• Goal of the exercise: Reproduce word for word the lines of the listing from the first one through the one with "Vestido rojo fiesta", omitting every picture.

• Supplied information:
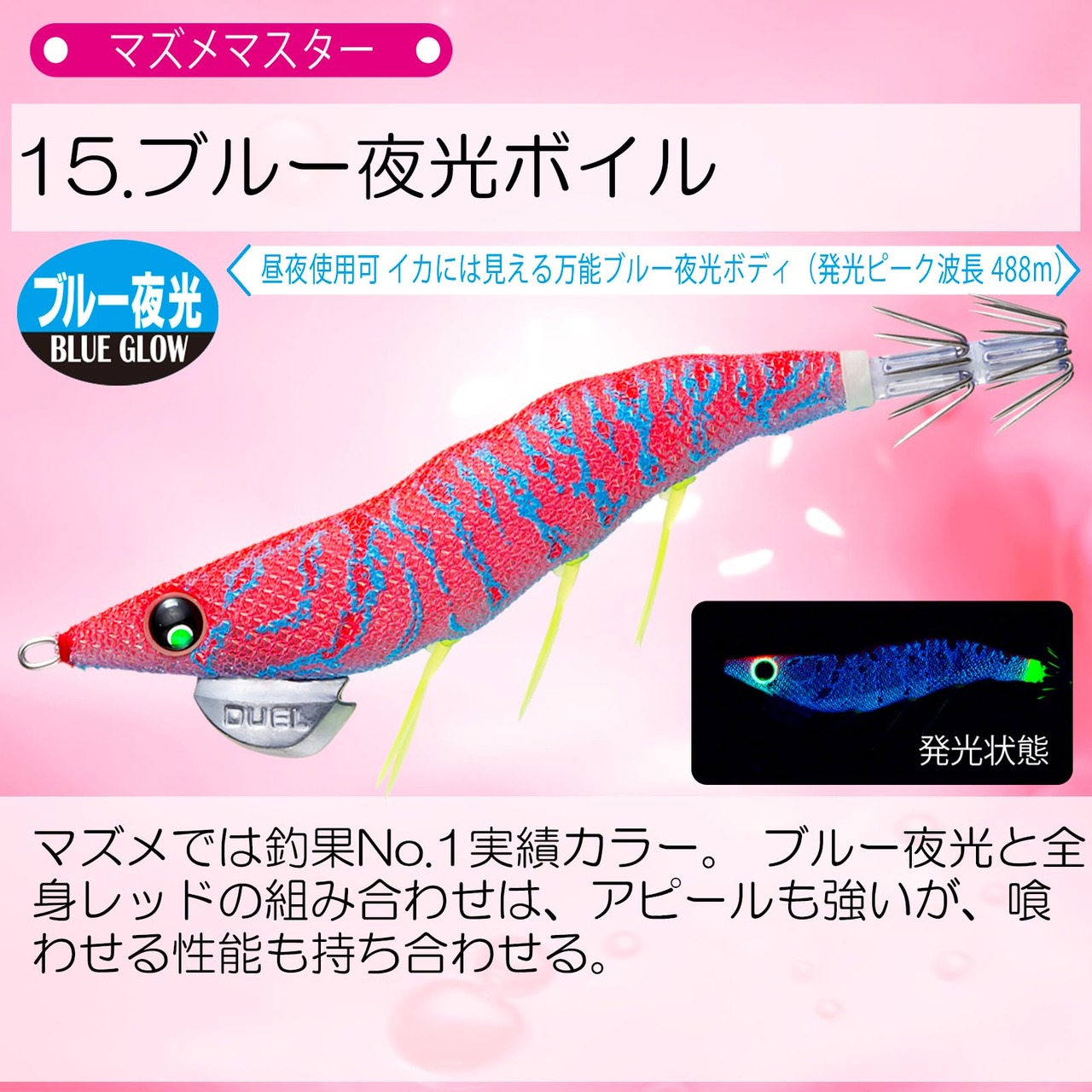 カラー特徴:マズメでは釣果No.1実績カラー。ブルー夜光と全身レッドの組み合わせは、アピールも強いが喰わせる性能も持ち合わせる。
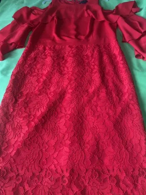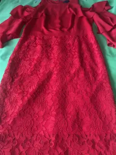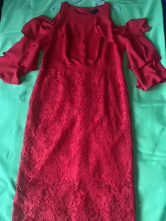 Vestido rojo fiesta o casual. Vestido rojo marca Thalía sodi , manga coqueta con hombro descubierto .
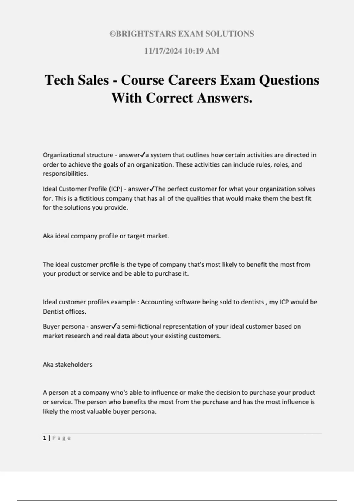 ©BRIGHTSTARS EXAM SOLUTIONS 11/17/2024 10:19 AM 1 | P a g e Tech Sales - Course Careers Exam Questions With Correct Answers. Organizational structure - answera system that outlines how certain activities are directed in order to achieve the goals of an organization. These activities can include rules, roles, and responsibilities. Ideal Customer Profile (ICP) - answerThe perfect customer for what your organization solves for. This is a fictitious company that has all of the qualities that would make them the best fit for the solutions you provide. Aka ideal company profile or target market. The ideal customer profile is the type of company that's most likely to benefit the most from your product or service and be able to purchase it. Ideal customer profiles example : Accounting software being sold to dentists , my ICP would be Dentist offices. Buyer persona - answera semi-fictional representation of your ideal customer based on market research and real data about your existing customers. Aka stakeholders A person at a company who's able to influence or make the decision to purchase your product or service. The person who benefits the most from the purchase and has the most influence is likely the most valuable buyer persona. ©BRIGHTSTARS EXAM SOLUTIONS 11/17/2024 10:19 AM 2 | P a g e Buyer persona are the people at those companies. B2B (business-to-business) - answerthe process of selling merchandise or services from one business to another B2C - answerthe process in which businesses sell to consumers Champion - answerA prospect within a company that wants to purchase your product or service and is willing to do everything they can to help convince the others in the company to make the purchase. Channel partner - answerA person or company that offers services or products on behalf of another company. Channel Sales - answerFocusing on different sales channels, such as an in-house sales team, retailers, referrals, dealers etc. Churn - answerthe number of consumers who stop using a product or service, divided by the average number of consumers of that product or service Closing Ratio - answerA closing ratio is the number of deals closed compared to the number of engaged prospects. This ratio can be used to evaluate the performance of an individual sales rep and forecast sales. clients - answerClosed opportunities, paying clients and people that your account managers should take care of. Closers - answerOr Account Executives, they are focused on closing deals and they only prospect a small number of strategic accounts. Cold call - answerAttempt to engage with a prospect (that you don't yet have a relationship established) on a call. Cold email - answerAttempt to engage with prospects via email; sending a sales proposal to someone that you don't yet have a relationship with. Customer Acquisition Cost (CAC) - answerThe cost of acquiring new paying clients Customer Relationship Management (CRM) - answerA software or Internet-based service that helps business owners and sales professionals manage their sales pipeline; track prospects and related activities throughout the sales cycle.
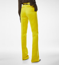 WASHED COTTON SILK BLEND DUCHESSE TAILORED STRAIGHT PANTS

• Exercise result:
 カラー特徴:マズメでは釣果No.1実績カラー。ブルー夜光と全身レッドの組み合わせは、アピールも強いが喰わせる性能も持ち合わせる。
 Vestido rojo fiesta o casual. Vestido rojo marca Thalía sodi , manga coqueta con hombro descubierto .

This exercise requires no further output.